Il n’est pas simple de préparer une telle conférence car lorsqu’on vous remet un prix, dit « de carrière », on ne veut pas décevoir ceux et celles qui nous honorent. On peut aussi se demander si quelque chose de plus doit ou peut encore être dit lorsqu’il est question de discuter de ses propres travaux. Je dois donc vivre avec vous l’épreuve de ce rite de passage, la remise d’un prix et la conférence associée en espérant ne pas trop être ennuyante, ni dérailler, ni trop me répéter.

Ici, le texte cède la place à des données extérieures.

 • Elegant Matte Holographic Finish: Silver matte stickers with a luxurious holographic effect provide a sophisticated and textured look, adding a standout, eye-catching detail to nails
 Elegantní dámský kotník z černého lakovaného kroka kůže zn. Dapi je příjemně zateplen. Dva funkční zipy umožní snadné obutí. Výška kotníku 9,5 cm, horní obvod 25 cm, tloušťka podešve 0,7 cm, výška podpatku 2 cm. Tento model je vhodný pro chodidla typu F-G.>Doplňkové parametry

Au cours de cette conférence, je me permettrai d’évoquer des aspects de mon parcours, en tentant cette fois-ci de faire apparaître certains des fils conducteurs qui suggéreront que tous les objets de recherche extrêmement différents que j’ai pu aborder depuis les années 1980 ne furent pas que passages superficiels : derrière chacune des grands thématiques liés à ces objets qui ont à ce jour jalonné mon parcours inachevé (j’y tiens !), il y avait une zone d’ombre que j’appellerai le « hors-champ ». Je tenterai par mon propos de jeter lumière sur ce hors-champ. C’est de ce hors-champ que naissent mes préoccupations les plus actuelles. Je tenterai aussi, trop brièvement, d’évoquer l’influence du travail de plusieurs anthropologues, proches ou plus lointains, au moins en les nommant[2].

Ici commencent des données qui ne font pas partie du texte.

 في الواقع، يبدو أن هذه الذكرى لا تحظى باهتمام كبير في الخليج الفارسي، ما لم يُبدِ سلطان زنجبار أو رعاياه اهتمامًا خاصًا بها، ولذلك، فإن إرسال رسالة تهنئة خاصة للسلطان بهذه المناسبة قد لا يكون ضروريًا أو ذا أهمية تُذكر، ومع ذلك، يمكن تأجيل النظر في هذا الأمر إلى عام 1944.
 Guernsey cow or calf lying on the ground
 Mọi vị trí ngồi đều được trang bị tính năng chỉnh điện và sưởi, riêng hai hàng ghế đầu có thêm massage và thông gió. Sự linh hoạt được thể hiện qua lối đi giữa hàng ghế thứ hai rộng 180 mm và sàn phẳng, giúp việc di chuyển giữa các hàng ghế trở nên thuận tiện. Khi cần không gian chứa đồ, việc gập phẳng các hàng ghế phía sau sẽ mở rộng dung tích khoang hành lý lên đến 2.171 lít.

Lorsqu’on me présente, mes interlocuteurs se réfèrent le plus souvent à trois champs : l’anthropologie médicale, les droits humains et on ajoute mes réalisations plus récentes en art et en anthropologie qui incluent la vidéo et même plus. Je reconnais ces trois ensembles mais je dois aussi nommer le fait qu’à travers ceux-ci se sont glissées des thématiques transversales : celles de la souffrance, de la résistance et de la tension visibilité/invisibilité. Elles se sont imbriquées de manière progressive et cumulative.

Rencontre avec la folie

L’anthropologie est venue d’abord à moi par la confrontation avec la folie[3]. Alors que je suivais ma formation d’infirmière dans les années 1970, j’eus une première expérience en milieu psychiatrique, dans un « asile » comme on le disait à l’époque. La grande désinstitutionalisation n’avait pas eu cours et les milieux de ce type portaient encore lourdement la marque de ce que Erving Goffman (1968) qualifia dans son ouvrage Asiles, des institutions totalitaires, ces dernières aussi évoquées par Michel Foucault (1961) dans son Histoire de la folie. Cette expérience, d’abord comme préposée aux malades et ensuite comme infirmière, m’a marquée pour toujours. La librairie de mon collège contenait l’essai de Ruth Benedict (1950), Échantillons de civilisations, ainsi que le livre de Roger Bastide (1972), Le rêve, la transe et la folie, sans oublier les écrits de Ronald Laing (1960) sur la schizophrénie (Le moi divisé). Tous ces livres, je me les procurai sans savoir de quoi il s’agissait vraiment. J’étais aussi férue de poésie, je connaissais les poésies, écrits et biographies d’Arthur Rimbaud, de Stéphane Mallarmé, d’Antonin Artaud ; je m’intéressais aux poètes fous et aux fines marges qui se dessinent entre raison et folie. Avec Ruth Benedict, je m’introduisais à l’idée selon laquelle une société pouvait être folle (et pas seulement un individu), et aussi rendre des humains fous, Ruth Benedict qui en sut quelque chose puisqu’elle fut elle-même plus rejetée du milieu de l’anthropologie américaine pour en avoir transgressé les normes. Avec Ronald Laing, lui-même psychiatre et psychanalyste, je poursuivais ce même chemin mais cette fois-ci, par l’anti-psychiatrie. Avec Roger Bastide je m’initiais par le livre à la possession qu’autorisent les religions afro-brésiliennes étudiées par Bastide (en particulier le candomblé) et au sein desquelles des comportements extatiques et d’apparence excessifs, mais d’apparence seulement, incontrôlés et incontrôlables, sont parfaitement codifiés et intelligibles. Ces livres et d’autres dont Peau noire masques blancs (1952) du psychiatre décolonial Frantz Fanon, ont été des voies royales vers l’anthropologie.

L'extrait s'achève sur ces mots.